Swinnerton v. Columbian Insurance
This text of 9 Bosw. 361 (Swinnerton v. Columbian Insurance) is published on Counsel Stack Legal Research, covering The Superior Court of New York City primary law. Counsel Stack provides free access to over 12 million legal documents including statutes, case law, regulations, and constitutions.
Opinion
There was no error in-any decision or direction of the Justice, at the trial of the cause.
According to the general current of authority on the subject, a seizure, which is a mere act of lawless violence, is not within the exception in the policy upon which the [367]*367defendants rely for a defense. The seizure contemplated by that exception is a seizure by some lawful acknowledged government for some probable cause, sanctioned by the law of nations; Carrington v. Merchants' Ins. Co., (8 Peters R., 516-518,) Smith v. The Delaware Ins. Co., (3 Serg. & Rawle, 74,) Faudel v. The Phænix Ins. Co., (4 Id., 29,) Johnston v. Ludlow, (2 Johns. Cases, 481,) Magoun v. N. E. M. Ins. Co., (1 Story Rep., 165;) and the proof offered by the defendants was insufficient to establish, in this case, any seizure of that character.
The statement of the witness, A. 0. Morris, that at about the time of the seizure of the plaintiff’s schooner, several vessels were sunk in Norfolk harbor by the order of Governor Letcher of Virginia, would not establish a seizure that would constitute a defense to the plaintiffs’ claim, even if the statement had been made upon the personal knowledge of the witness. The office of Governor Letcher, conferred upon him no authority to sink vessels, the only purpose of which could be to destroy or obstruct a harbor, the enjoyment of which, the Court will take judicial notice, belongs to the United States, and to the use of which, with free right of ingress and egress, every citizen of every one of the United States is entitled, under the National Constitution and laws. Such an act of destruction would be criminal, and the seizure of the plaintiffs’ vessel for the purpose of accomplishing it, would be a mere lawless violence.
But, further, the testimony of Mr. Morris was not competent evidence. He testified that he had no personal knowledge of the fact that any vessels were seized or sunk by order of Governor Letcher. He said that he only stated the fact as a matter of public history and general notoriety. This was not admissible. There was no reason for resorting to mere public fame or history for proof of the fact alleged. Neither its nature, nor any special circumstances appearing in the case, rendered such evidence of its existence proper, or would justify its exception from, the general rule, excluding hearsay testimony; and Mr. Morris’ [368]*368testimony was nothing more. It was incompetent evidence, therefore, and was properly excluded.

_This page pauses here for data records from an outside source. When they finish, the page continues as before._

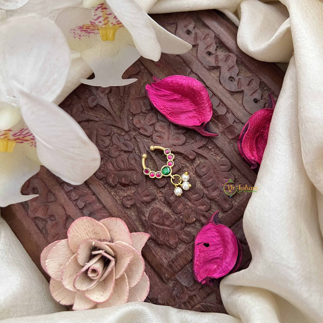 The Vriksham Royal Blush Septum Ring in Gold Tone-Green Red combines vibrant green and red accents with a rich gold-tone finish. This sophisticated design offers a bold yet elegant statement, perfectly suited to complement traditional and festive ensembles with timeless grace and refined color contrast. Ideal for elevating your special occasion look.
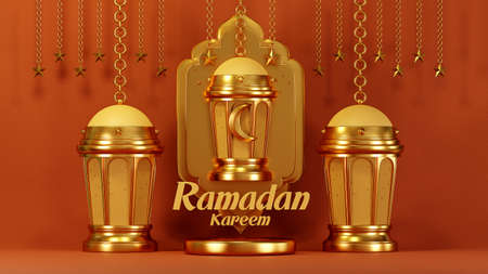 3D rendering Ramadan Kareem Lanterns, lamps gold color, religion Islamic, happy eid mubarak concept illustration backgrounds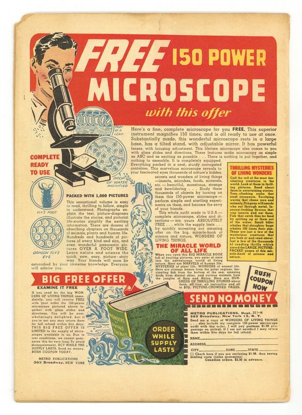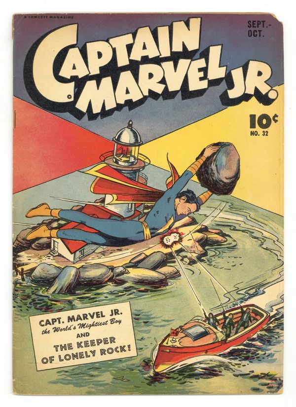 Cover by Bud Thompson. Stories by Art Helfant and others. Art by Art Helfant and others. Superhero action with Freddy Freeman, who gains the same powers as his hero Captain Marvel, better known these days as Shazam. A bitter cartoonist gets hold of an invention that turns people into living caricatures of themselves. Captain Marvel Jr. faces a spree of nonsensical crimes apparently created by escaped mental patients. A lighthouse operator witnesses the battle between Captain Marvel Jr. and modern-day pirates for a shipful of treasure. Plus a vintage Tootsie Roll ad, Captain Tootsie Captures Red the Terror!, by CC Beck and Pete Costanza. The Out of Focus People!; Boxcar Benny; Rubbernose Randolph: Time Waits for No One; Lunatic Larceny!; Near Sighted Northrup; Little Albert; The Secret of Solver Canyon; The Keeper of Lonely Rock! 32 pages, Full Color. Cover price $0.10.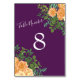Peach Lila Hochzeitflorale Rose Tischnummer

The proposal of the defendant to give the so-called Secession Ordinance of the State of Virginia in evidence, was equally inadmissible. The ordinance would have been no justification of Governor Letcher’s alleged act, if it had been proved (as it was not) that he had done the act alleged:
First. Because there was no proof that the ordinance, even if it were a lawful act, had any connection whatever with the seizure and destruction of the plaintiff’s vessel;
Secondly. Because the ordinance, by its own terms, was to be of no effect unless it should be ratified by a majority vote of the people of Virginia; and it was not shown, or proposed to be shown, that it was so ratified;
Thirdly. Neither the United States, nor any other nation or government, has acknowledged or recognized any such national sovereignty as “Virginia,” or “The People of Virginia,” and there is none such known to the law of nations or of the United States, or of this State;
And fourthly. Because the ordinance, if it were shown that the plaintiffs’ vessel had been destroyed in pursuance or by virtue of it, was an unlawful, treasonable act against the sovereignty and Oonstitution of the United States; and, being so, instead of giving validity to, or legalizing acts done in obedience to, or in execution of it, only rendered them more unlawful and criminal. The exclusion of it, therefore, as evidence at the trial by the Judge was correct.
There is nothing, then, in this case, either in the testimony admitted, or in that which was offered by the defendant and excluded, that could show the seizure and destruction of the plaintiffs’ vessel to have been a lawful act of an acknowledged government, or public authority, and within the exception of the policy. It was the act of a mere tumultuous, riotous assemblage of unknown persons, coming within the description inf the policy of “pirates, rovers, thieves,” against whom it expressly assures the plaintiffs. (Nesbitt v. Lushington, 4 Term R., 783.)
The judgment must, therefore, be affirmed with costs.